Data supplied below:

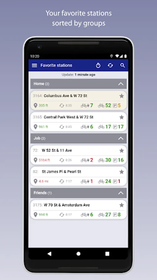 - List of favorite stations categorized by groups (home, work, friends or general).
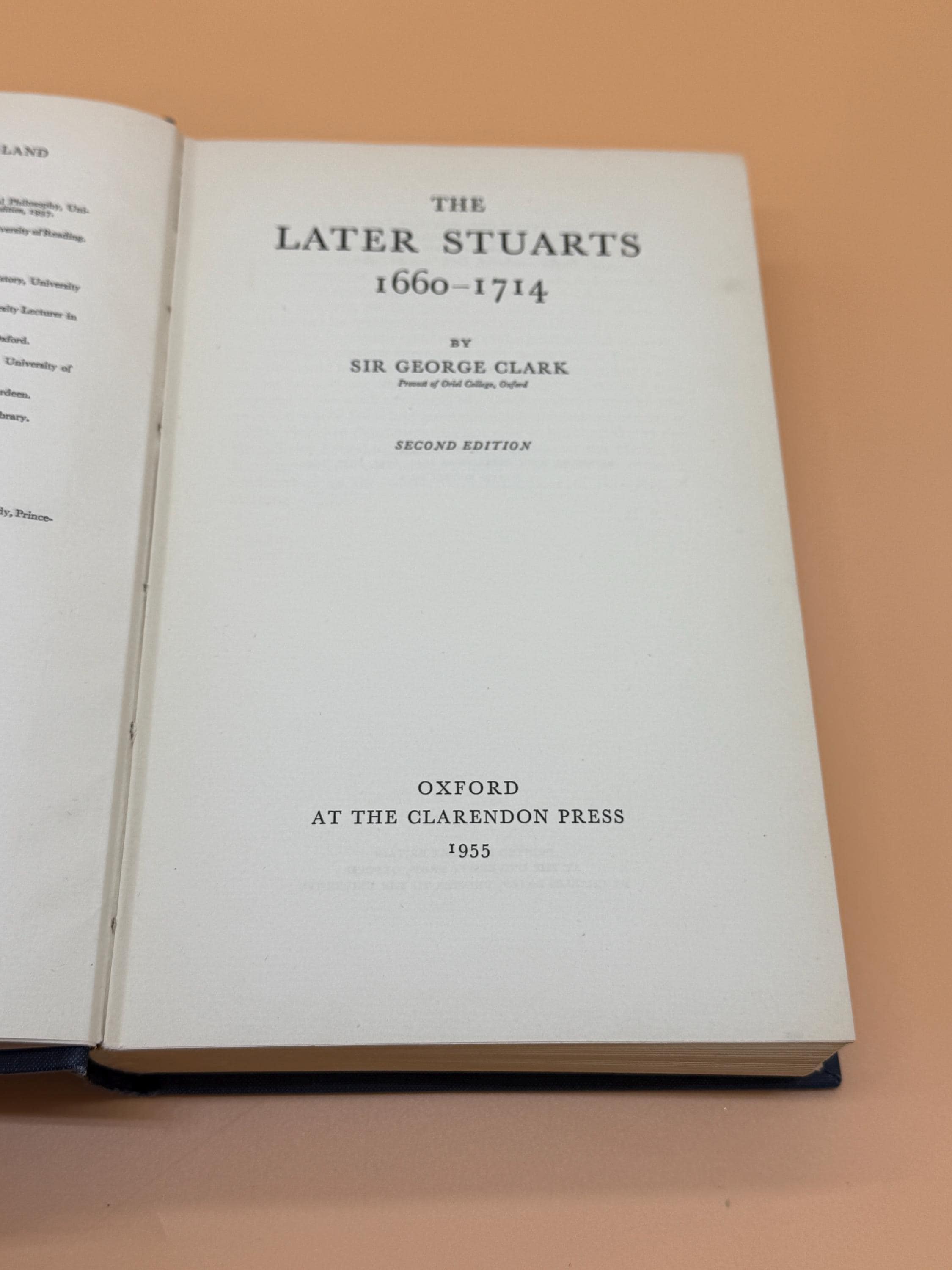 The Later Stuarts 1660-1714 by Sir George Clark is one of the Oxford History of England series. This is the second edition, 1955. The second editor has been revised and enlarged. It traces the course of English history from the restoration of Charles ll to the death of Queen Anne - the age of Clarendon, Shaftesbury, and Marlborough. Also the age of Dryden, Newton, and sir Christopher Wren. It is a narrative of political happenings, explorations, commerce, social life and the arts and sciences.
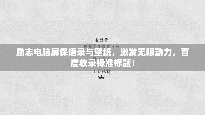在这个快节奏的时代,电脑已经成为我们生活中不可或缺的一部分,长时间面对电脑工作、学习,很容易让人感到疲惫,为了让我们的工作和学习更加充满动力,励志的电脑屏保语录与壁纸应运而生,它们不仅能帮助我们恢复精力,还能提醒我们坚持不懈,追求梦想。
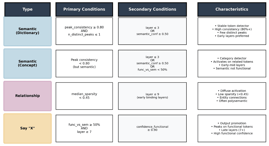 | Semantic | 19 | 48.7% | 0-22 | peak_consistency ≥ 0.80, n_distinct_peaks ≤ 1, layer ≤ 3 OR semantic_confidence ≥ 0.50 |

End of Data supplied.
Data supplied below:

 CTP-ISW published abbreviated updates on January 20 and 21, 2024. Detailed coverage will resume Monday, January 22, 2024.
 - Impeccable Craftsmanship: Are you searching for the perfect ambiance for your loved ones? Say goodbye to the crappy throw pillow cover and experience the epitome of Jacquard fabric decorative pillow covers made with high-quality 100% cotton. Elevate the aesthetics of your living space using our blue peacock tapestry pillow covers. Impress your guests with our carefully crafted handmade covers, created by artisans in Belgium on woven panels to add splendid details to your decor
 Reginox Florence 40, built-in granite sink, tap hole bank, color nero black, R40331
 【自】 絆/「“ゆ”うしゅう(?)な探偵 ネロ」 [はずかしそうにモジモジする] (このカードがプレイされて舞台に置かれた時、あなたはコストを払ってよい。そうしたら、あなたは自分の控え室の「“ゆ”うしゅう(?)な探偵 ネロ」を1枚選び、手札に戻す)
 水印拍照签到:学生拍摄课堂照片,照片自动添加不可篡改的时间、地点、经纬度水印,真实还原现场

End of Data supplied.
Data supplied below:

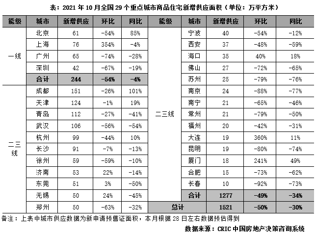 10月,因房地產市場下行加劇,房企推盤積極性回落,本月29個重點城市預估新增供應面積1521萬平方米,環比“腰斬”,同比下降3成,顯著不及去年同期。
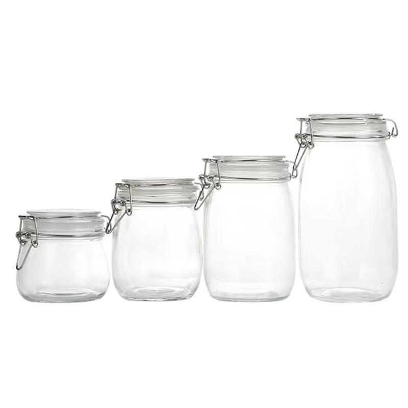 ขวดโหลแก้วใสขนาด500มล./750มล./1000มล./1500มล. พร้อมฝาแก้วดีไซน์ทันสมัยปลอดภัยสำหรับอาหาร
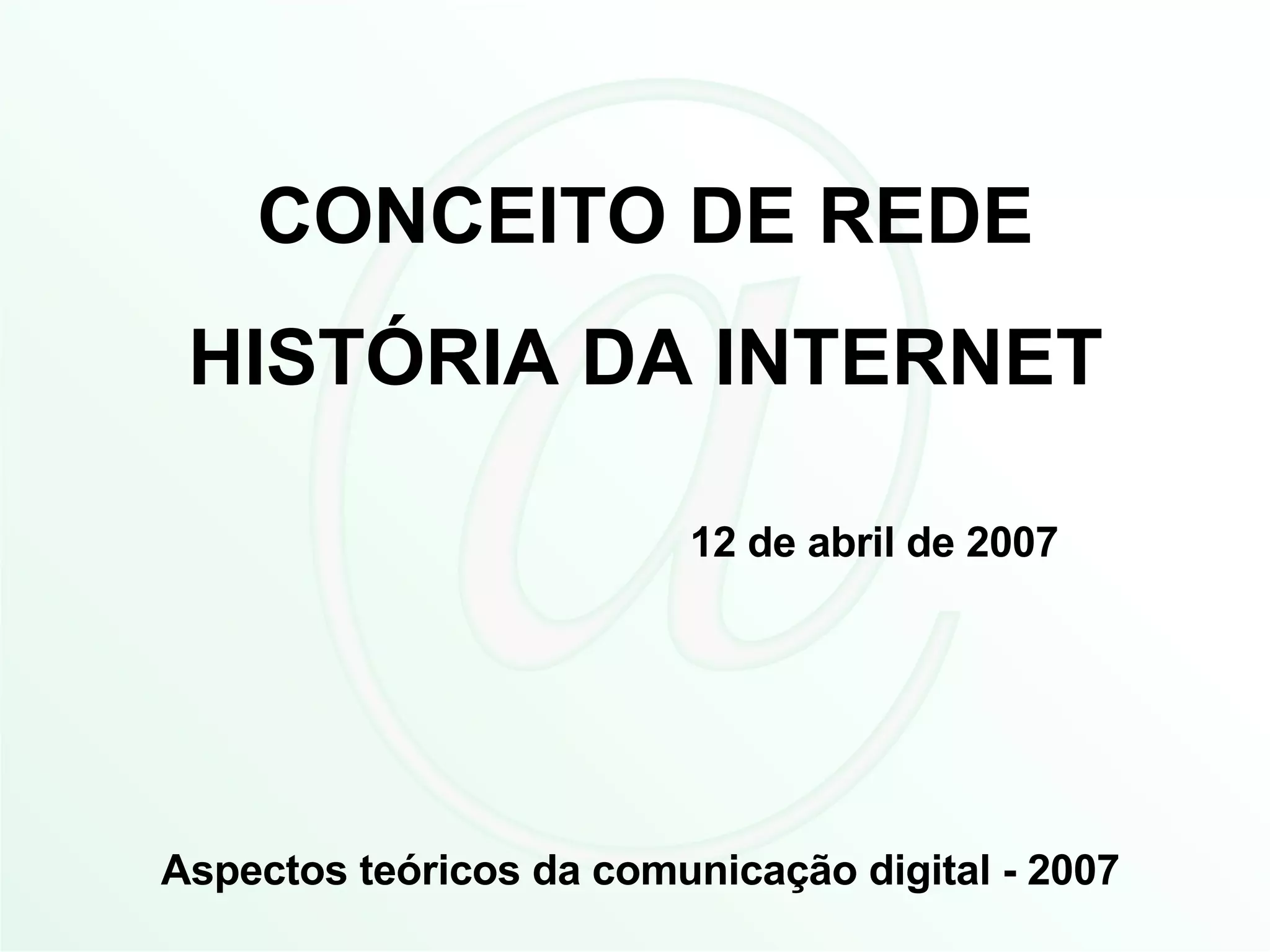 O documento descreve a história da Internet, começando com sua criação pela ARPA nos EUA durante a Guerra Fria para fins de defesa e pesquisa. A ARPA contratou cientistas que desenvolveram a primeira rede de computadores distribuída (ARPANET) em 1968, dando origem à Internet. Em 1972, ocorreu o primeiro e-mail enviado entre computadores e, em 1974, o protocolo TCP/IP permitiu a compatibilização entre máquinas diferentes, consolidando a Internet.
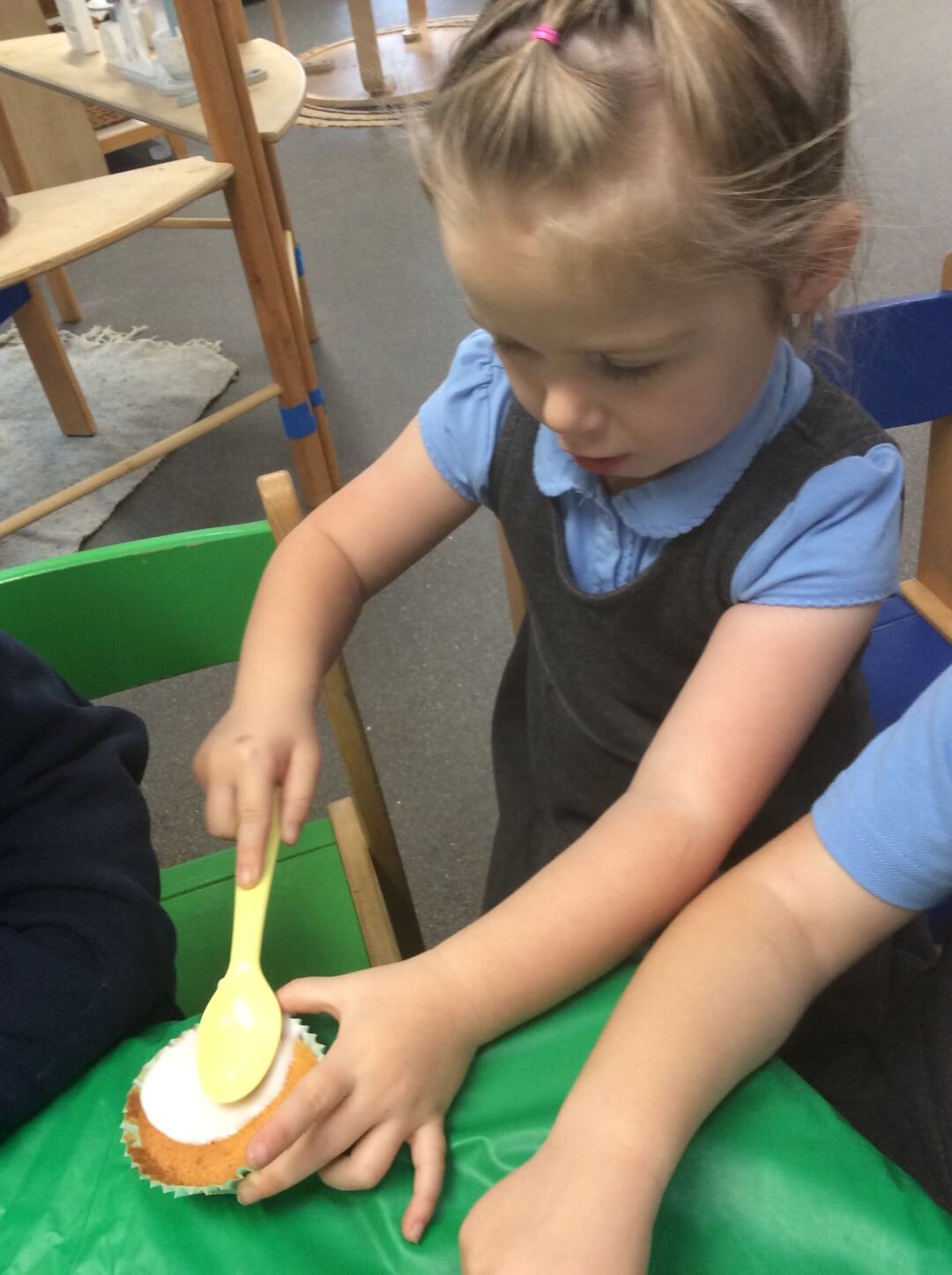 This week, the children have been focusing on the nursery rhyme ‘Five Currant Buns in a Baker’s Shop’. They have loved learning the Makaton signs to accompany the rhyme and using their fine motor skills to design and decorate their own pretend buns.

End of Data supplied.

* **Prompt**: Transcribe, word for word, the stretch of lines in the data above from the one with "在这个快节奏的时代,电脑已经" through the one with "semantic_confidence ≥ 0.50 |"; omit all pictures.

* **Written response**:
在这个快节奏的时代,电脑已经成为我们生活中不可或缺的一部分,长时间面对电脑工作、学习,很容易让人感到疲惫,为了让我们的工作和学习更加充满动力,励志的电脑屏保语录与壁纸应运而生,它们不仅能帮助我们恢复精力,还能提醒我们坚持不懈,追求梦想。
 | Semantic | 19 | 48.7% | 0-22 | peak_consistency ≥ 0.80, n_distinct_peaks ≤ 1, layer ≤ 3 OR semantic_confidence ≥ 0.50 |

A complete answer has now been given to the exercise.